Ces onze anciens ministres de la Santé s'opposent ainsi haut et fort au "démembrement des ARS voulu par Sébastien Lecornu". Aux Assises des Départements de France, à Albi, vendredi 17 novembre, le Premier ministre avait annoncé un nouvel acte de décentralisation, passant par une réforme profonde des ARS. La "part régalienne du sanitaire, les analyses de l'eau, la gestion des épidémies" passeraient sous la responsabilité des préfets, tandis que "la planification des soins de proximité" et le déploiement de France santé reviendraient aux départements.

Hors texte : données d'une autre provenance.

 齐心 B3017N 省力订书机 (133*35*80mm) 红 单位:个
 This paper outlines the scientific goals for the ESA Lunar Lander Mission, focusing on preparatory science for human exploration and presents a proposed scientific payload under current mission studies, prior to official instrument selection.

"Les ARS sont devenues le punching-ball récurrent de gouvernements qui pensent ainsi montrer leur détermination à faire bouger les lignes", lancent les anciens locataires de l'avenue de Ségur, rappelant que "les ARS sont nées en 2010 [avec la loi HPST portée par Roselyne Bachelot, NDLR] du constat que le système de pilotage de la santé était défaillant, éclaté entre l’Etat – notamment sous la responsabilité des préfets –, les départements et l’Assurance maladie".

"Certes, la différenciation des politiques publiques en fonction des territoires est indispensable et d’ailleurs déjà à l’œuvre. Elle est certainement perfectible, mais le schéma esquissé par le Premier ministre aboutirait à affaiblir la qualité de la prise en charge de nos concitoyens", mettent-ils en garde.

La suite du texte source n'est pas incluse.